-------- EXERCISE INPUTS

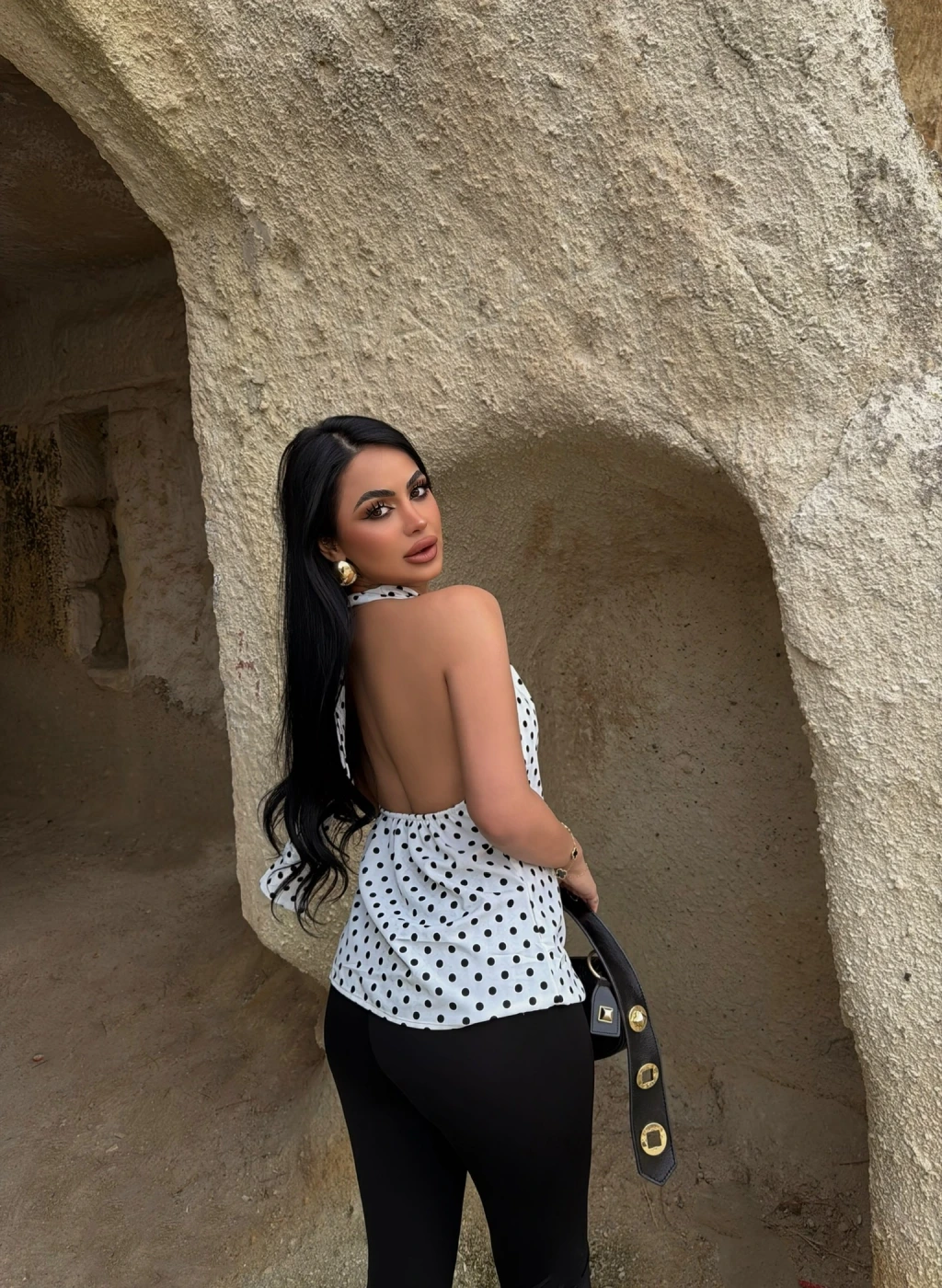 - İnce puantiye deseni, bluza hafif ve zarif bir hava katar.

----------------
-------- EXERCISE INPUTS

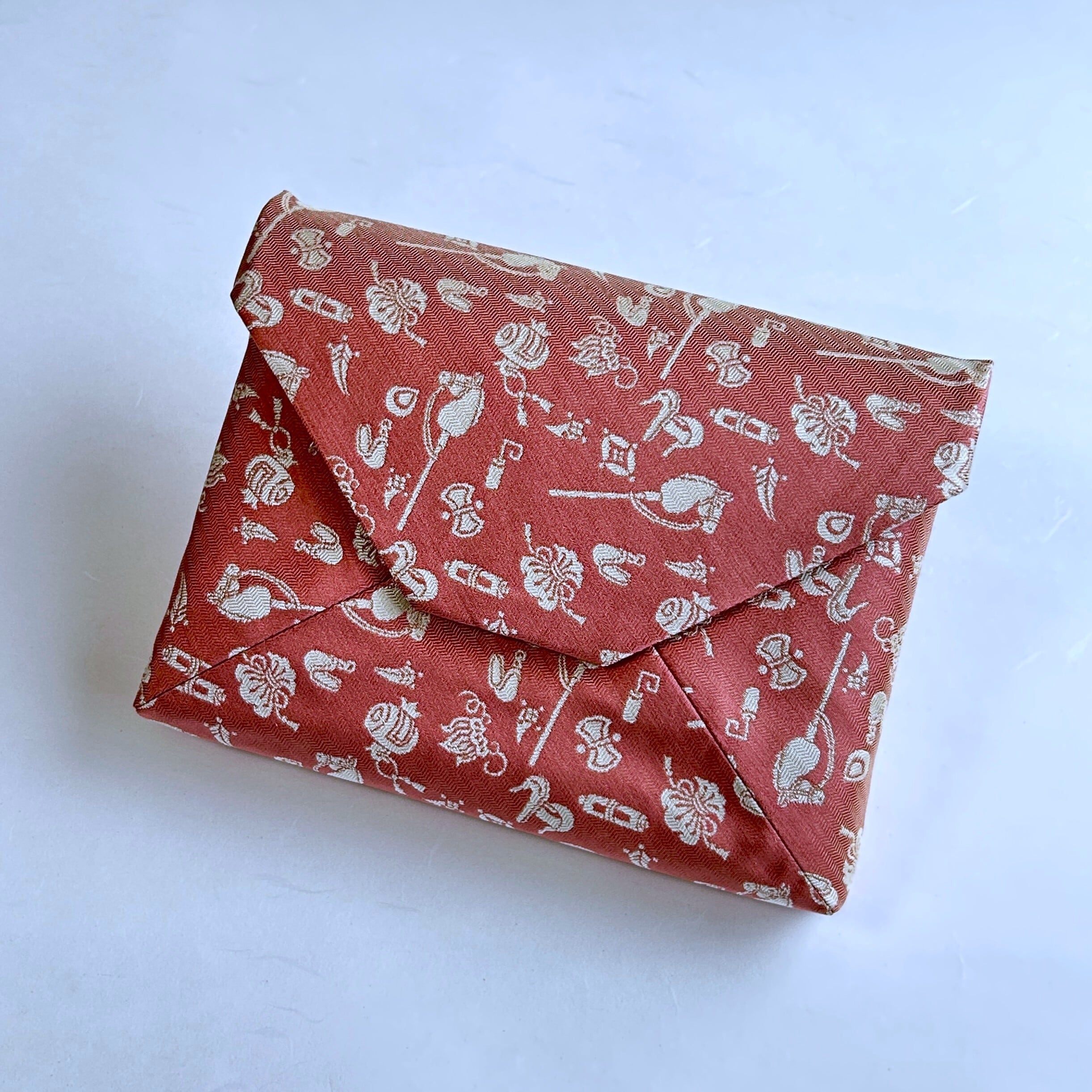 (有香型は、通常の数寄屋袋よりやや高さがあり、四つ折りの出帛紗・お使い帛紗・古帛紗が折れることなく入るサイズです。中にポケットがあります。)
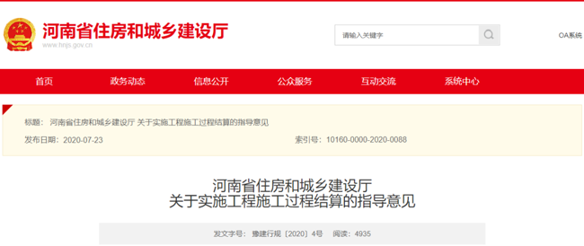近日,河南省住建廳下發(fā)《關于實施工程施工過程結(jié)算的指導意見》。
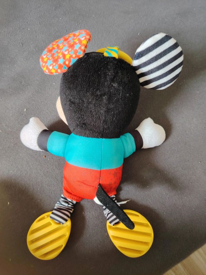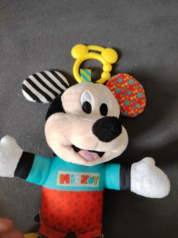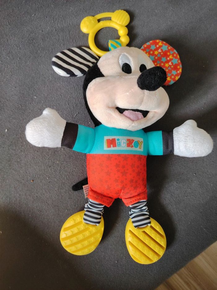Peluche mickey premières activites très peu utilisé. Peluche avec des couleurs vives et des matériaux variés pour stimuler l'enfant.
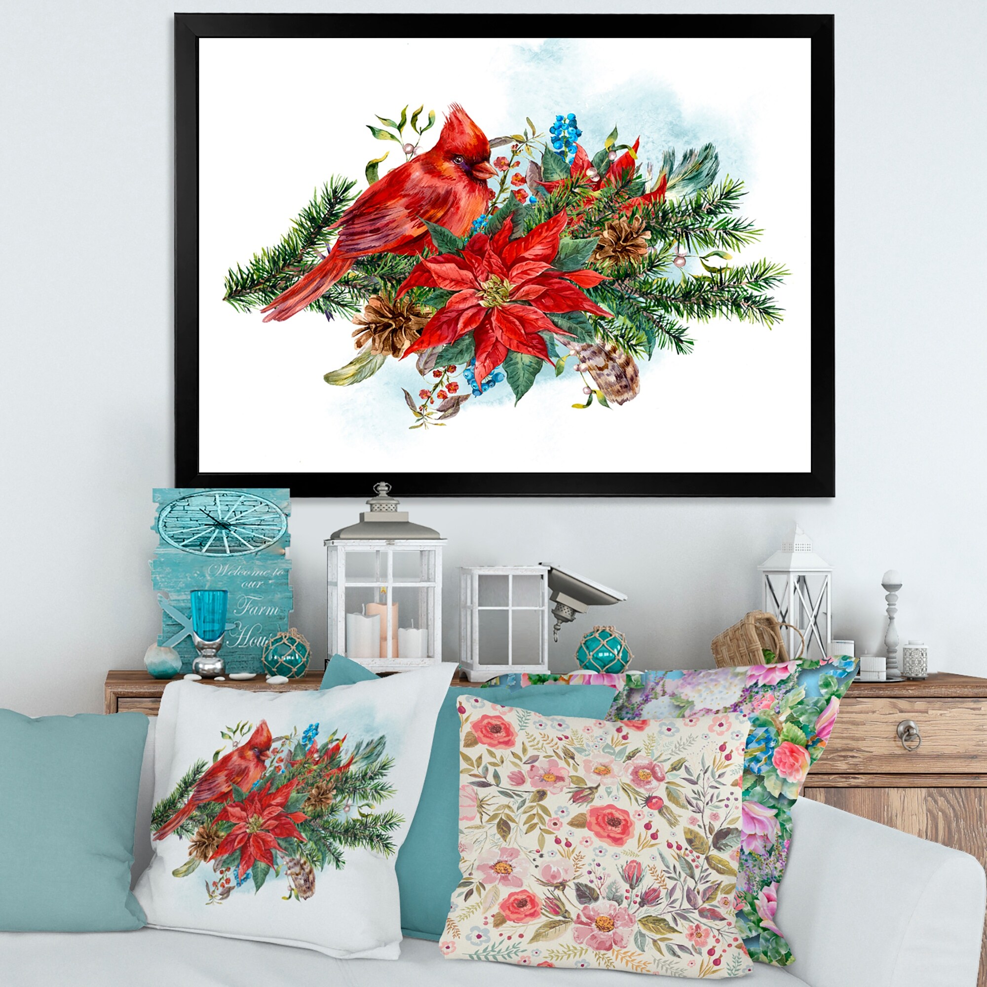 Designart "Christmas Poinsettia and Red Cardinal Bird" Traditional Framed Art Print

----------------
-------- EXERCISE INPUTS

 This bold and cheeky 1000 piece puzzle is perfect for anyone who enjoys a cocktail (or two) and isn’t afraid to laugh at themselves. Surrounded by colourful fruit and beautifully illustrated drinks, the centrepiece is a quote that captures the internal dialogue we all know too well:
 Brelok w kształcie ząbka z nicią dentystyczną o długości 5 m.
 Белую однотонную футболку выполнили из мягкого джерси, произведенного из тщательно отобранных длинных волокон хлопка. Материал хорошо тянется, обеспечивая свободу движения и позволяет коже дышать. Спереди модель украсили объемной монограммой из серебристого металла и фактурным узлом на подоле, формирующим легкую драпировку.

----------------

**YOUR INSTRUCTIONS:**
Give the exact lines, and only those, from the line containing "Brelok w kształcie" through the line containing "Белую однотонную футболку" in the entries above.

**ANSWER BOX:**
 Brelok w kształcie ząbka z nicią dentystyczną o długości 5 m.
 Белую однотонную футболку выполнили из мягкого джерси, произведенного из тщательно отобранных длинных волокон хлопка. Материал хорошо тянется, обеспечивая свободу движения и позволяет коже дышать. Спереди модель украсили объемной монограммой из серебристого металла и фактурным узлом на подоле, формирующим легкую драпировку.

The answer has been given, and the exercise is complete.